:: ASSIGNMENT ::
Among the lines below, restate word for word only those from the line with "Breteuil_Oise Vue d’ensemble" through the line with "三、NirSoft FileTypesMan:.txt(选择你要修改的文件类型)-> 编辑所选文件类型", with both end lines kept.

:: DATA FOR THIS TASK ::
Start of Block

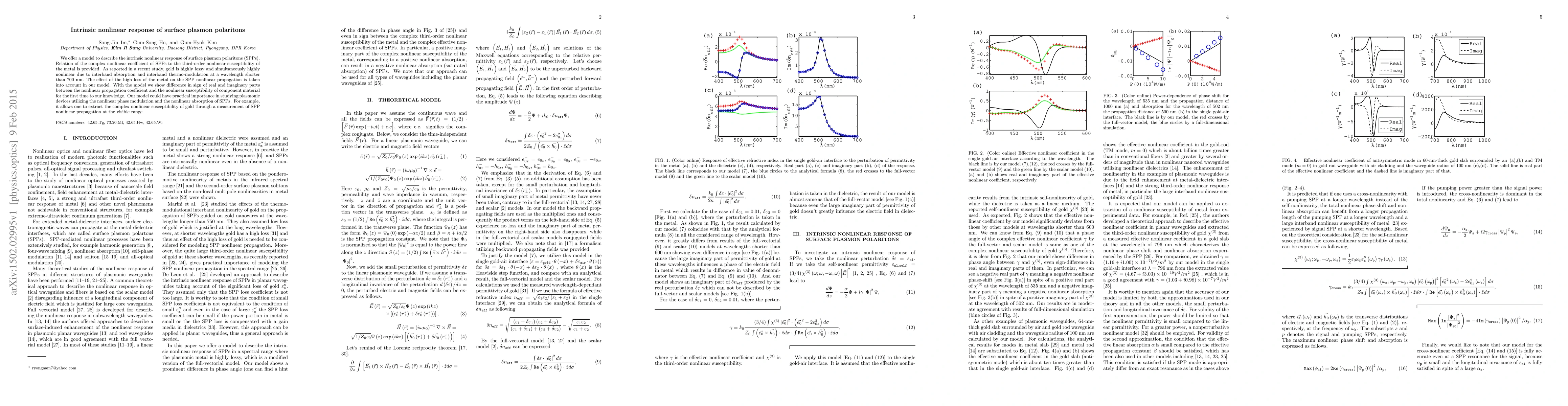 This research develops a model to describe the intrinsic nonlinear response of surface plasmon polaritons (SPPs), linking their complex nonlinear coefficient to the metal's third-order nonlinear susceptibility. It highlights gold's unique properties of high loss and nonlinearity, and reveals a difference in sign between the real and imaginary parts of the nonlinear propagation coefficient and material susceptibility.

End of Block
Start of Block

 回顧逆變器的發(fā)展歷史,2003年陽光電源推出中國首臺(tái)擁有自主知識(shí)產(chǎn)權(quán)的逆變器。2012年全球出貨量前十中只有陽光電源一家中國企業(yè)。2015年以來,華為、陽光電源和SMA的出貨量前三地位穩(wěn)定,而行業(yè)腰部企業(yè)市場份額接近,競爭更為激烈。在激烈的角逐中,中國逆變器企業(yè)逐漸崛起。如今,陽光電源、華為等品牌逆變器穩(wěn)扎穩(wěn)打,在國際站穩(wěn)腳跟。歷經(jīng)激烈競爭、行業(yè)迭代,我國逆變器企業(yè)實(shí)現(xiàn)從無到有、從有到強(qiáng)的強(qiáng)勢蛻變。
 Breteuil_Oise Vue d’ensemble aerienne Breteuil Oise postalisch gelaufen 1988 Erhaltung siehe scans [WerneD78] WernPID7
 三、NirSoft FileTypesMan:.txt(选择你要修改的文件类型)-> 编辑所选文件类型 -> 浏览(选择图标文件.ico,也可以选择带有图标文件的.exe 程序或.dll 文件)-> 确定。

End of Block
Start of Block

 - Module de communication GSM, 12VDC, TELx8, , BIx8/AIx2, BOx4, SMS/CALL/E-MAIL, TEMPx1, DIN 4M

End of Block

:: EXERCISE OUTPUT ::
 Breteuil_Oise Vue d’ensemble aerienne Breteuil Oise postalisch gelaufen 1988 Erhaltung siehe scans [WerneD78] WernPID7
 三、NirSoft FileTypesMan:.txt(选择你要修改的文件类型)-> 编辑所选文件类型 -> 浏览(选择图标文件.ico,也可以选择带有图标文件的.exe 程序或.dll 文件)-> 确定。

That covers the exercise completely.